Policy definition using a plurality of configuration items is described. In one or more implementations, a plurality of policies is defined, each having a different combination of a plurality of configuration items. The policies are then implemented such that each of the clients is provided a respective amount of access to one or more resources based on compliance with applicable policies.
In additional implementations, data is examined that describes configuration items of one or more clients to determine a relative level of compliance of the one or more clients with a policy. One of a plurality of different actions is then applied to respective clients based on the determined level of compliance.

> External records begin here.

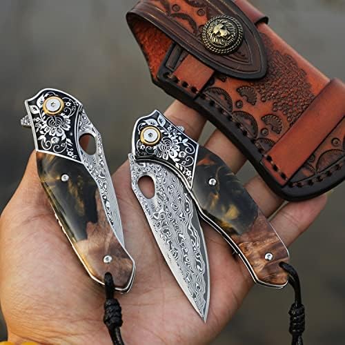 This Damascus steel pocket knife combines traditional Japanese-inspired craftsmanship with modern EDC performance. Featuring a VG10 core blade forged with 67 layers and a refined folding design, it delivers exceptional sharpness, strength, and elegance for everyday carry, outdoor adventures, and collection value.
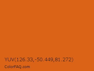 YUV 126.33,-50.449,81.272 Color is a normal orange color and the nearest color is Hot Cinnamon #d2691e. Hex code #db6318 and RGB value is rgb(219,99,24). In RGB color space, this color is composed of 86% red, 39% green, 9% blue, In CMYK color space, this color is composed of 0% cyan, 55% magenta, 89% yellow , 14% black , In HSL color space, this color has a hue angle of 23° , 80% saturation and 48% lightness.
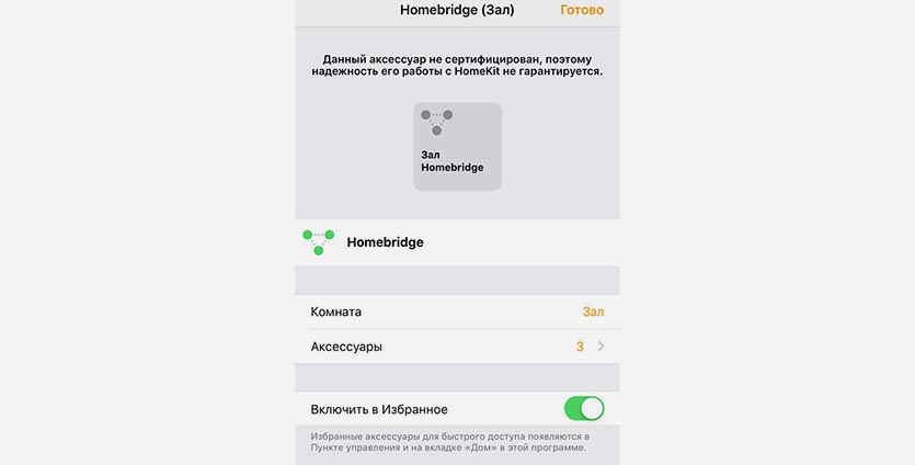 Когда девайс появится в приложении Дом, установку и настройку HomeBridge можно считать завершенной.

In further implementations, configuration items of a plurality of clients are monitored to determine compliance with one or more policies. When a deviation is detected in one or more configuration items, a change is made to the one or more configuration items automatically and without user intervention such that a respective client complies with a respective policy.
This Summary is provided to introduce a selection of concepts in a simplified form that are further described below in the Detailed Description. This Summary is not intended to identify key features or essential features of the claimed subject matter, nor is it intended to be used as an aid in determining the scope of the claimed subject matter.
The detailed description is described with reference to the accompanying figures. In the figures, the left-most digit(s) of a reference number identifies the figure in which the reference number first appears. The use of the same reference numbers in different instances in the description and the figures may indicate similar or identical items.
Users have access to a variety of computers having a wide range of configurations. For example, computers may be targeted towards different functionality and therefore employ different hardware, software and/or network capabilities. Because of this, however, management of the computers continues to increase in complexity. Traditional techniques that were available to manage these computers, however, did not address the different configurations that are employed by the computers. Therefore, the administrator was often prevented from dealing with issues on an overall compliance basis.
Techniques are described, in which, a policy is defined using a plurality of configuration items. For example, an administrator of an enterprise system may be confronted with a variety of computer configurations that are particular to various aspects of a corresponding business, such as sales, human resources, software developers, and so on. Each of the configurations may have one or more configurations items that are different, such as different amounts of network access permitted, access to particular applications, and so on. Accordingly, the administrator may identify configuration items (e.g., software, hardware and/or network resources and settings) that are particular to these various groups and define policies accordingly that may maintain the “health” (e.g., desired functionality) of the computers. In this way, the administrator may use “rich” definitions to manage functionality of devices within a network, further discussion of which may be found in relation to the following figures.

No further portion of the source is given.